Traditionally, most biological data have been stored in relational database systems. While relational database systems are useful for hierarchical and structural storage and search of various data, they may be less well suited for the storage and search of data with heavy relationships. While relational database systems can use multiple ‘joins’ to infer relationships among different tables, multiple-join operations lead to significant execution times for a query. When we compared MySQL, one of the most famous relational database systems, with Neo4j for the same kinds of data, we found that Neo4j outperformed MySQL in all tested cases. We performed a query in MySQL and Neo4j to retrieve all data belonging to a particular gene-related path in a gene, disease, and drug relationship through a 3-layer search. For the same task, we performed a MySQL query to search for the relationship between proteins that are homologous to a particular protein in a gene, protein, drug, and pathway relationship and the various nodes that traverse that protein (Supplementary Fig. 2). When the two databases (MySQL and Neo4j) were queried using the same search term, Neo4j took 2.128 s, while MySQL took 58.325 sec for a 3-layer search. For the 4-layer search, Neo4j took 20.128 s, while MySQL was unable to return a result (Fig. 7).

Examples of graph database usage

The graph database provides a flexible search for complex relationships, as well as a fast search for relationships among multiple nodes. We show here two examples of using a graph database. The first is a search for the shortest paths traversing various relationships among connected nodes. For example, exploring the relationship between biological entities that are involved in two biological mechanisms can identify new potential targets for disease treatment and provide better insights into drug administration.

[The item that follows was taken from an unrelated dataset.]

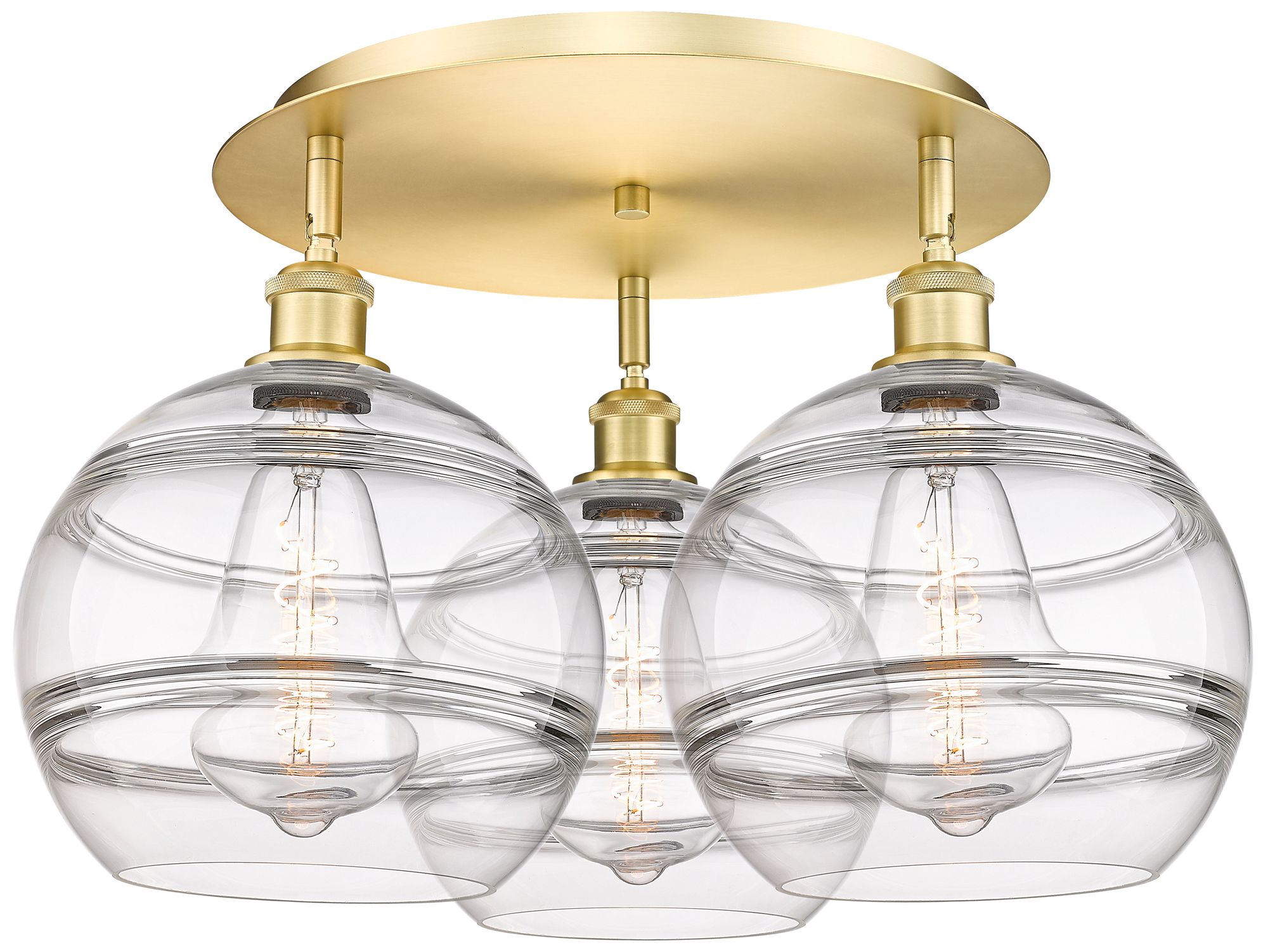 Ballston Rochester 21.75"W 3-Light Satin Gold Flush Mount w/ Clear Sha

The first example is a graph that identifies the shortest path among protein interactions or homologous proteins within three levels of the protein subsets associated with a nuclear receptor (Fig. 8A). It can be seen that the two distinct subsets of proteins belong to a common pathway.

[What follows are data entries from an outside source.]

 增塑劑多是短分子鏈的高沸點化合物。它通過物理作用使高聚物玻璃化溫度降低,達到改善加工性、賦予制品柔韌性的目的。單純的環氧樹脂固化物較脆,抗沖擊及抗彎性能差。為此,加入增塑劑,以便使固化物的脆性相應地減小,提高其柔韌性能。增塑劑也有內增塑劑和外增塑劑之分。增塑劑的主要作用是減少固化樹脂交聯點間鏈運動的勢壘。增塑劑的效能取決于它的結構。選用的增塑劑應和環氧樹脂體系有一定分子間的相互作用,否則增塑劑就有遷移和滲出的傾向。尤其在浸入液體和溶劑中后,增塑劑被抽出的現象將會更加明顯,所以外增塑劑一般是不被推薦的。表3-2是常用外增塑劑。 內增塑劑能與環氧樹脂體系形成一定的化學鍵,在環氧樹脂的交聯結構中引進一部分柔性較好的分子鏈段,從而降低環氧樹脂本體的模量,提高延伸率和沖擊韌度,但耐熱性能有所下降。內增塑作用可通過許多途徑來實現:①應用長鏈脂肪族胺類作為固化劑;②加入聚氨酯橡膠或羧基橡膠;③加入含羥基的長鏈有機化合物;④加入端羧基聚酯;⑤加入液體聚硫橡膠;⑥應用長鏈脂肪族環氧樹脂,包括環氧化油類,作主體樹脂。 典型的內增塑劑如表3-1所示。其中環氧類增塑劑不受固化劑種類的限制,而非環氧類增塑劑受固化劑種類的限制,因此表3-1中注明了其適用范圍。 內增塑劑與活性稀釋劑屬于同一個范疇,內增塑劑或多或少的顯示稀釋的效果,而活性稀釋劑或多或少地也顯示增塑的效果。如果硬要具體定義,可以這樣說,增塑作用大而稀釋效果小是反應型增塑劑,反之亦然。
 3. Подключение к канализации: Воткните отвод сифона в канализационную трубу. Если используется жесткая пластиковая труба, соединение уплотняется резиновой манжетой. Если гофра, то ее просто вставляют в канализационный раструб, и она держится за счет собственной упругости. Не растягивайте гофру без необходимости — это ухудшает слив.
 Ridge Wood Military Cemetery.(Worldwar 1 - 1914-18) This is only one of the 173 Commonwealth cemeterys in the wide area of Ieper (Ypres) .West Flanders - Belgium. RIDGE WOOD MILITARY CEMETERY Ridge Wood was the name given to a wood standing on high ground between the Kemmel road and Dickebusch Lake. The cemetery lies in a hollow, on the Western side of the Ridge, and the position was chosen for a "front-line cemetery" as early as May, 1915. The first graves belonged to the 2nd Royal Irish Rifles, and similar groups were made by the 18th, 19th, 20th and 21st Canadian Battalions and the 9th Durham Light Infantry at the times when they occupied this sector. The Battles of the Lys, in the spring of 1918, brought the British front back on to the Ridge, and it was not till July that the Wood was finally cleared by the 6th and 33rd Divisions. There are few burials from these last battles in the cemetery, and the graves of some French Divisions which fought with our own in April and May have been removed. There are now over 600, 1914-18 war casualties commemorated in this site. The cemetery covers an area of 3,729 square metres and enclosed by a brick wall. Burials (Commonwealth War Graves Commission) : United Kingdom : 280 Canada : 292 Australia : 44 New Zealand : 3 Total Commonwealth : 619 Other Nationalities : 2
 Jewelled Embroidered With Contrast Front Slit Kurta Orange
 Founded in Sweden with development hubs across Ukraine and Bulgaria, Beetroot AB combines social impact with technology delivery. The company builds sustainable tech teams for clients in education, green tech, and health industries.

The second example includes flexible extensions and searches of the constructed graph database. When adding a new relationship in the constructed graph database, it is possible to flexibly define and add the relationship, regardless of the structure of the existing graph database. Fig. 8B shows an example of adding a result of a new genetic analysis to the existing graph database and using it for a search. The added information can be easily defined and added without restrictions from the existing graph database structure. In this example, the added information is a node, named ‘classifier,’ which is related to the existing graph database. In contrast, the relational database system is quite inflexible in adding new types of information, because it sometimes requires the redesign of existing tables.

Discussion

Most biological databases have used relational database systems for data storage, retrieval, and searches. The relational database system is a useful system for the storage of well-structured data with pre-defined columns. However, even though it is termed relational, the relational database system does not store relationships among heterogeneous data by themselves. Rather, it infers relationships among different data during a query by using the ‘join’ operation. Thus, paradoxically, the relational database system itself is not relational and is inefficient in the storage and retrieval of diverse relationships among data. As more and more biological data accumulate, it is becoming evident that the relational database system is limited in dealing with multitudes of complex networks and relationships among various kinds of biological data.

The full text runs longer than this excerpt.